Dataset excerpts

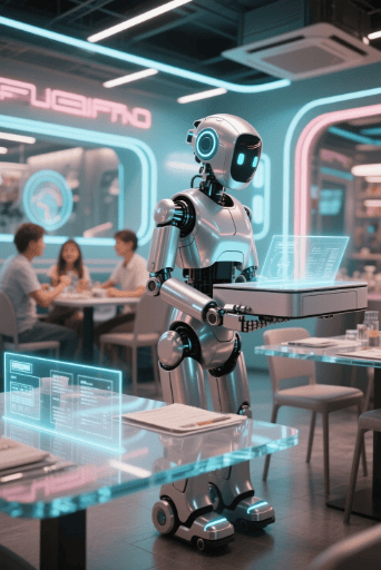 近未来的なファミリーレストラン、透明なテーブルに浮かぶホログラムメニュー。スリムでメタリックな配膳ロボットが正確な動きで料理を運んでいる。天井からは柔らかなネオンライト。
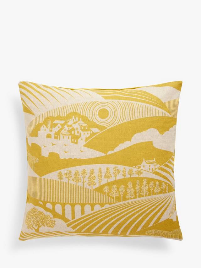 Этот дизайн от Mini Moderns представляет собой холмистые пустоши и долины, перемежаемые фермерскими домами и рядами деревьев.
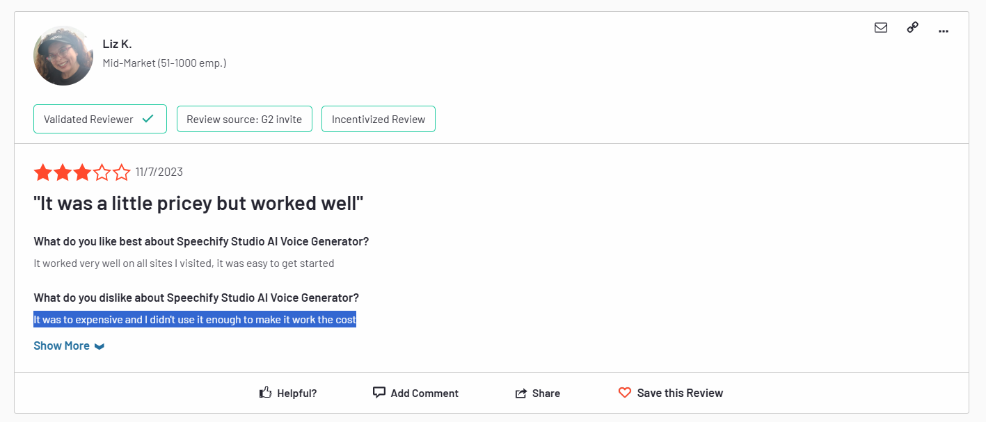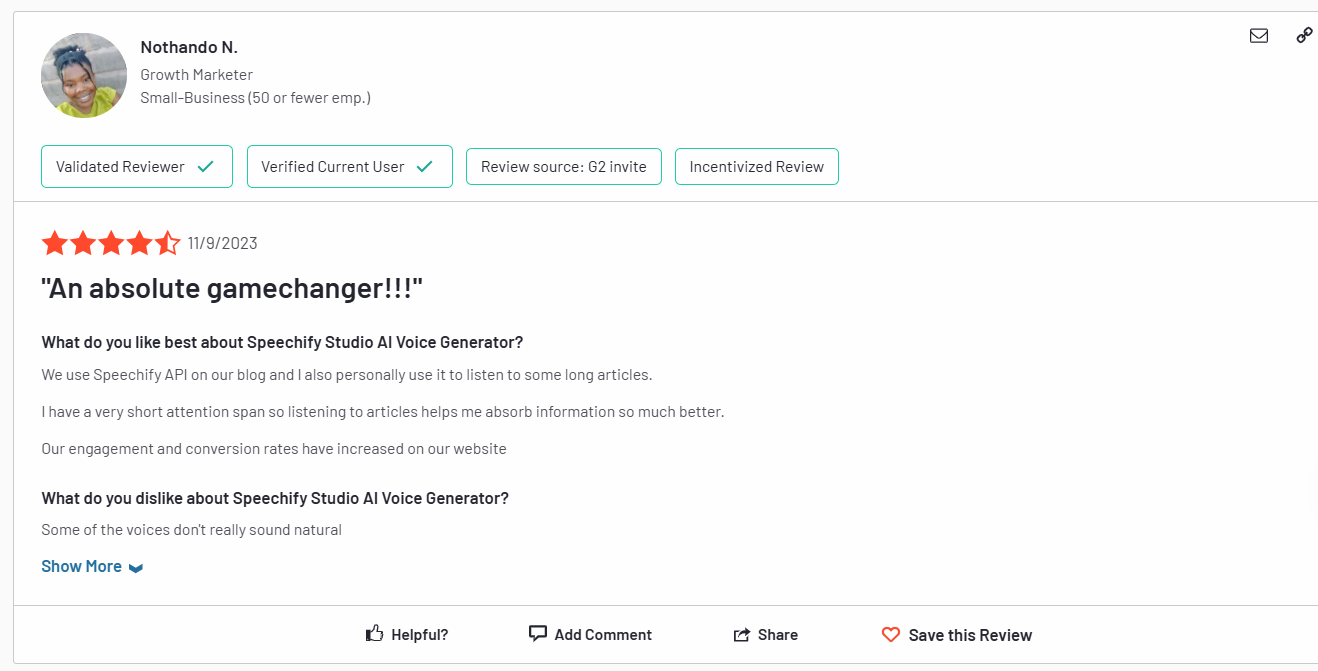 ‘’Some of the voices don't really sound natural.’’ – G2 Review.
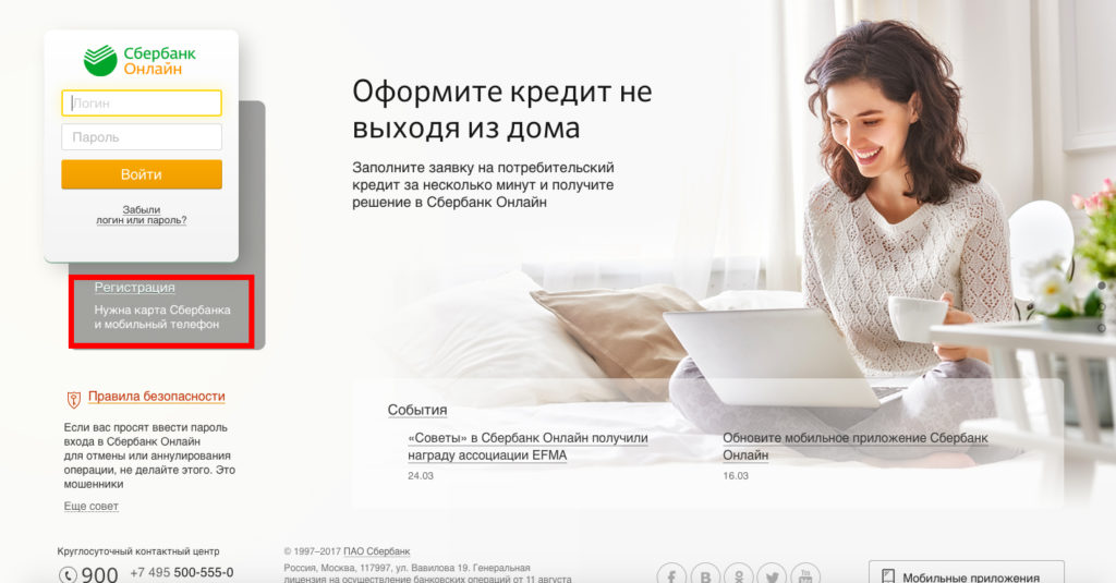 - придумать логин и пароль, которые в дальнейшем будут использоваться для входа в Сбербанк Онлайн.
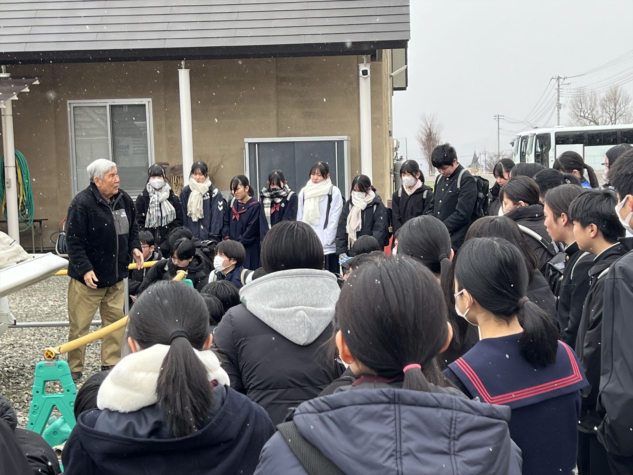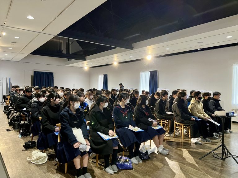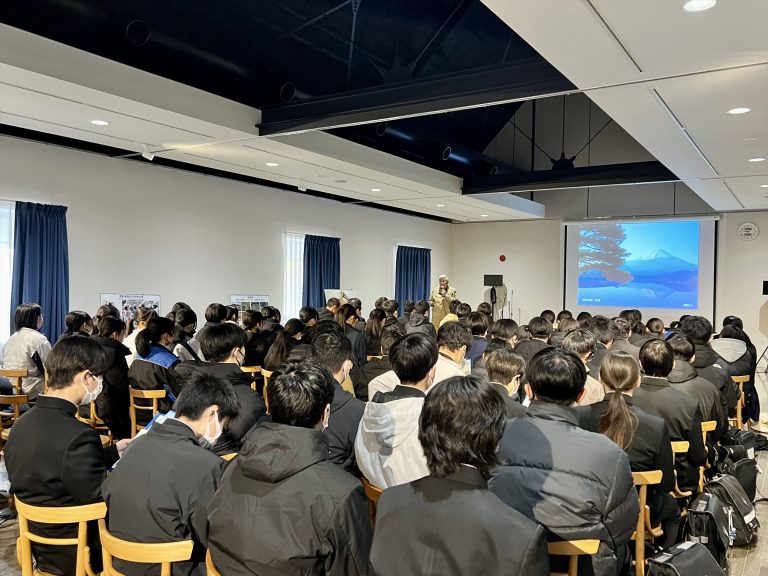 1月13日(月)、北杜市いこいの杜コミュニティーパークにて、北杜市立高根中学校3年生85名を対象に平和学習の一環として体験講演会を実施しました。

:: What you should do ::
Every line from the one containing "Этот дизайн от" through the last line of the data, both included, is to be repeated exactly; the pictures are to be left out.

:: Output ::
 Этот дизайн от Mini Moderns представляет собой холмистые пустоши и долины, перемежаемые фермерскими домами и рядами деревьев.
 ‘’Some of the voices don't really sound natural.’’ – G2 Review.
 - придумать логин и пароль, которые в дальнейшем будут использоваться для входа в Сбербанк Онлайн.
 1月13日(月)、北杜市いこいの杜コミュニティーパークにて、北杜市立高根中学校3年生85名を対象に平和学習の一環として体験講演会を実施しました。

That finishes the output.